─── SUPPLIED MATERIAL
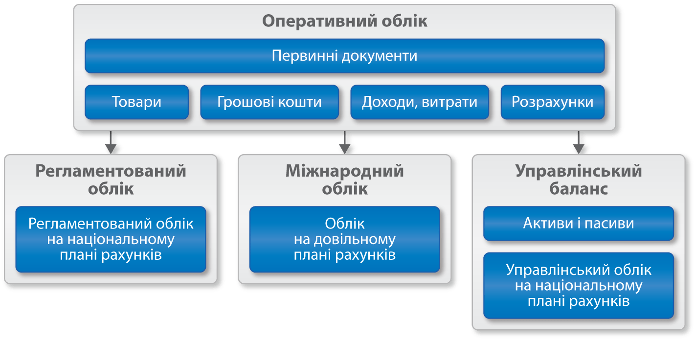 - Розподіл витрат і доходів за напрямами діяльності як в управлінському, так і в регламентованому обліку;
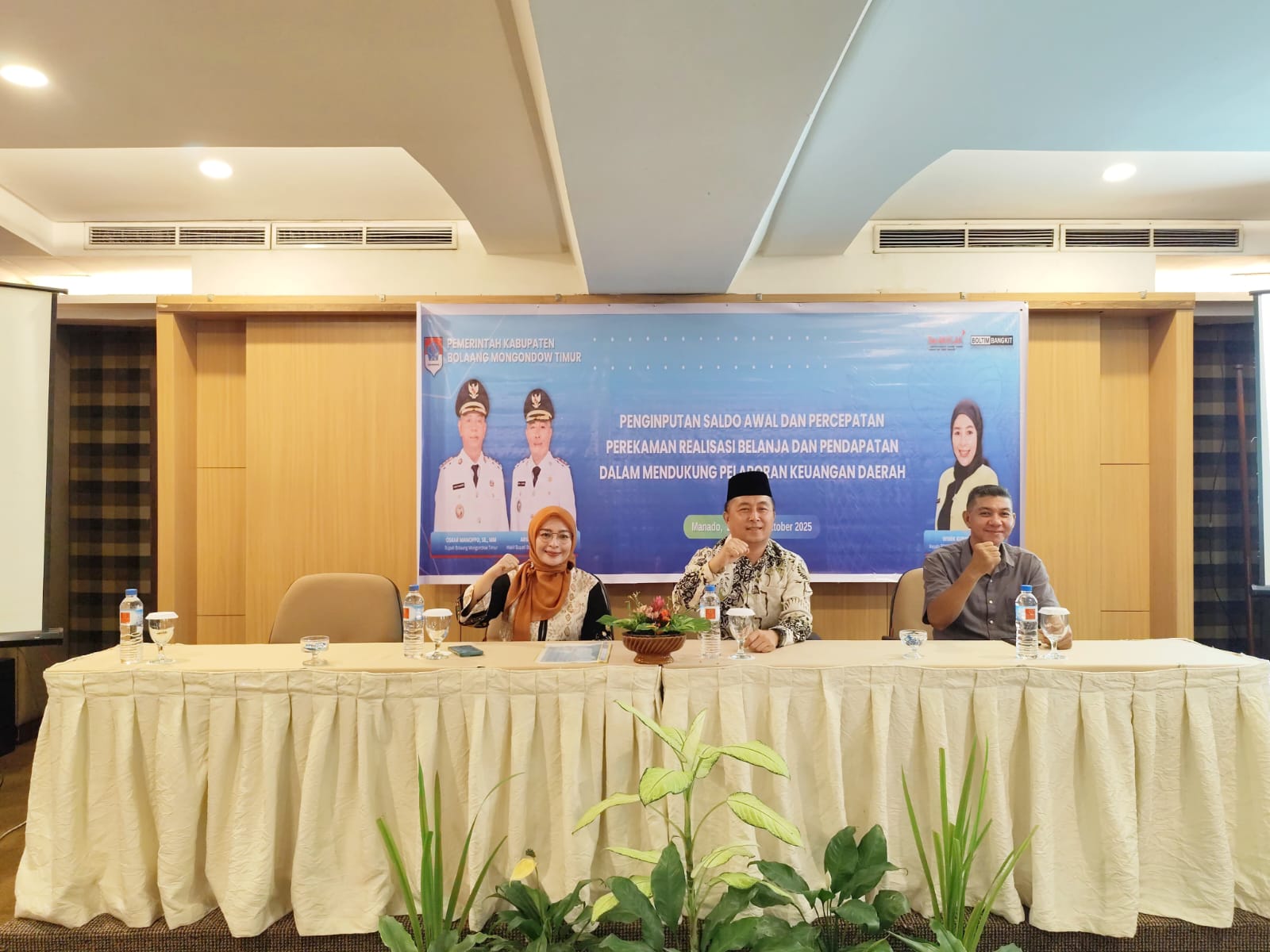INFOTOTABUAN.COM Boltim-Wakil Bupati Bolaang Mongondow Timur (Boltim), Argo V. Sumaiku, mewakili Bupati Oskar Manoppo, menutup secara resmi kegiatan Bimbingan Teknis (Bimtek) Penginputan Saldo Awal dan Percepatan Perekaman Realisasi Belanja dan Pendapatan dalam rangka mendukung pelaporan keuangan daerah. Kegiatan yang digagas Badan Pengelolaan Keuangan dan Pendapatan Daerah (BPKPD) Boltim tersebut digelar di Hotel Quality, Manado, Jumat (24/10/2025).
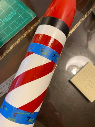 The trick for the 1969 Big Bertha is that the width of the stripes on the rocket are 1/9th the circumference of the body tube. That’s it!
──────
### EXERCISE OBJECTIVE
Would you reproduce the lines from the one with "INFOTOTABUAN.COM Boltim-Wakil Bupati" through the final line of the data above, exactly and only those, without any pictures?

### PROBLEM SOLUTION
INFOTOTABUAN.COM Boltim-Wakil Bupati Bolaang Mongondow Timur (Boltim), Argo V. Sumaiku, mewakili Bupati Oskar Manoppo, menutup secara resmi kegiatan Bimbingan Teknis (Bimtek) Penginputan Saldo Awal dan Percepatan Perekaman Realisasi Belanja dan Pendapatan dalam rangka mendukung pelaporan keuangan daerah. Kegiatan yang digagas Badan Pengelolaan Keuangan dan Pendapatan Daerah (BPKPD) Boltim tersebut digelar di Hotel Quality, Manado, Jumat (24/10/2025).
 The trick for the 1969 Big Bertha is that the width of the stripes on the rocket are 1/9th the circumference of the body tube. That’s it!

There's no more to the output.